Um caso que envolve acesso ilegítimo a sistemas do Estado, dados pessoais de milhares de cidadãos e várias tentativas de burla acaba de ficar resolvido nos tribunais portugueses, com uma pena pesada para o informático responsável.
Bruno Sousa, técnico informático do Instituto de Gestão Financeira e Equipamentos da Justiça (IGFEJ), organismo sob tutela do Ministério da Justiça, foi condenado a nove anos e meio de prisão efetiva.
A pena, que abrange 92 crimes, entre burla qualificada, falsidade informática e acesso ilegítimo, foi confirmada pelo Supremo Tribunal de Justiça, pelo que a condenação transitou em julgado, segundo avançado pelo Correio da Manhã.
Ao longo de dois anos, entre 2021 e 2023, o técnico terá aproveitado o acesso privilegiado que tinha por via da sua função para explorar dados sensíveis de cidadãos.
De acordo com o mesmo jornal, Bruno Sousa usou indevidamente credenciais do Instituto dos Registos e do Notariado (IRN) para aceder a dados pessoais e bancários de terceiros, e ainda entrou sem autorização no sistema do Ciclo de Vida do Cartão de Cidadão, alterando números de telemóvel associados às chaves móveis digitais de várias pessoas.
Como funcionava o esquema do informático
Com esse tipo de acesso, o arguido conseguia autenticar-se eletronicamente em nome de outras pessoas junto de entidades públicas e privadas, o que lhe permitia abrir contas bancárias e contrair empréstimos sem o conhecimento dos verdadeiros titulares dos dados.
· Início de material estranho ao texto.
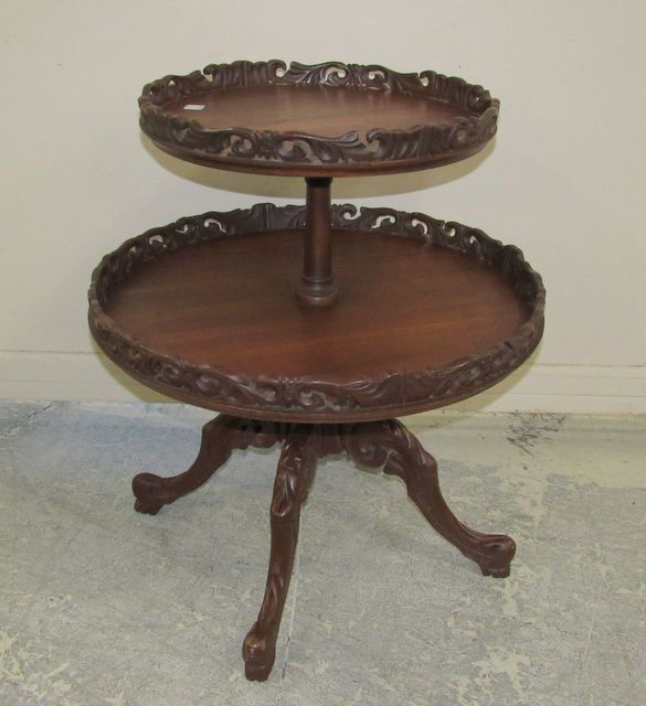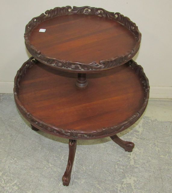 Ornate carved round gallery, two tier display table, mahogany, with four leg pedestal, some glue areas on trim, 30"h., 26"w. Ornate carved round gallery, two tier display table, mahogany, with four leg pedestal, some glue areas on trim, 30"h., 26"w.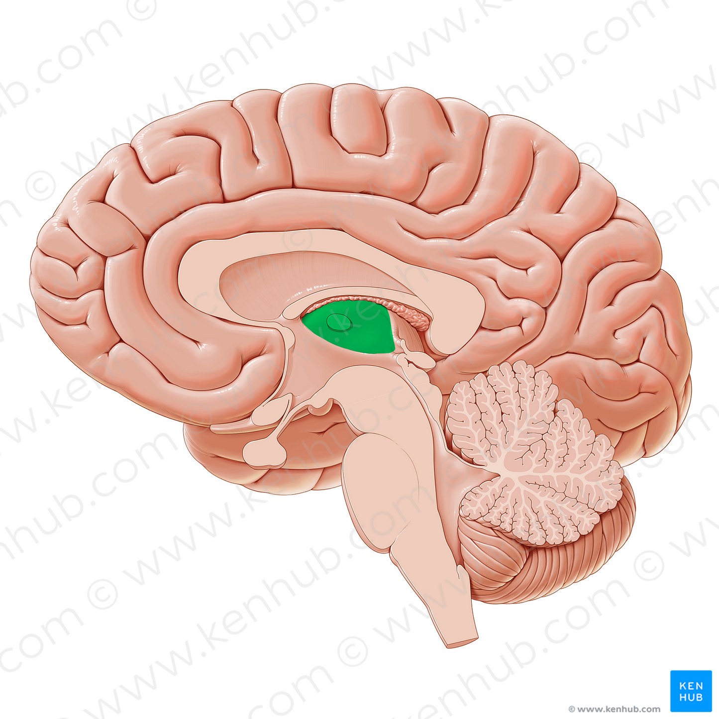 Shown from medial perspective. Also known as Dorsal thalamus, and Thalamencephalon.

No total, foram identificadas nove vítimas.
O técnico terá chegado a comprar telemóveis topo de gama e a fazer levantamentos com cartões digitais, além de ter contraído empréstimos que somaram 100 mil euros, conseguindo desviar para si mais de 35 mil euros.
Uma das tentativas de burla visou o piloto de ralis Bernardo Sousa. Contudo, nesse caso, o esquema não resultou.
A escolha das vítimas era ponderada, incluindo um vizinho que o arguido considerava agressivo, dois amigos que lhe deviam dinheiro de serviços informáticos prestados no passado e outras duas pessoas a quem tinha pago um telemóvel que nunca chegou a receber.
O informático assumiu ainda ter lesado o próprio IGFEJ, por este não lhe ter financiado formações que havia realizado.
A decisão do tribunal
Apesar de uma confissão parcial dos factos em tribunal e de o arguido não ter antecedentes criminais, os juízes foram duros no acórdão, considerando que Bruno Sousa “agiu motivado por interesses venais”, conforme citado.
O informático recorreu para o Tribunal da Relação de Lisboa e, posteriormente, para o Supremo Tribunal de Justiça, mas sem sucesso, com a pena a manter-se inalterada.
Detido em dezembro de 2023 pela Polícia Judiciária, Bruno Sousa está em prisão preventiva desde então. O arguido terá ainda de pagar indemnizações no valor total de 100 mil euros às vítimas, além de cinco mil euros ao IGFEJ, instituto que, segundo o tribunal, viu a sua credibilidade e reputação afetadas pelo comportamento de um dos seus próprios trabalhadores.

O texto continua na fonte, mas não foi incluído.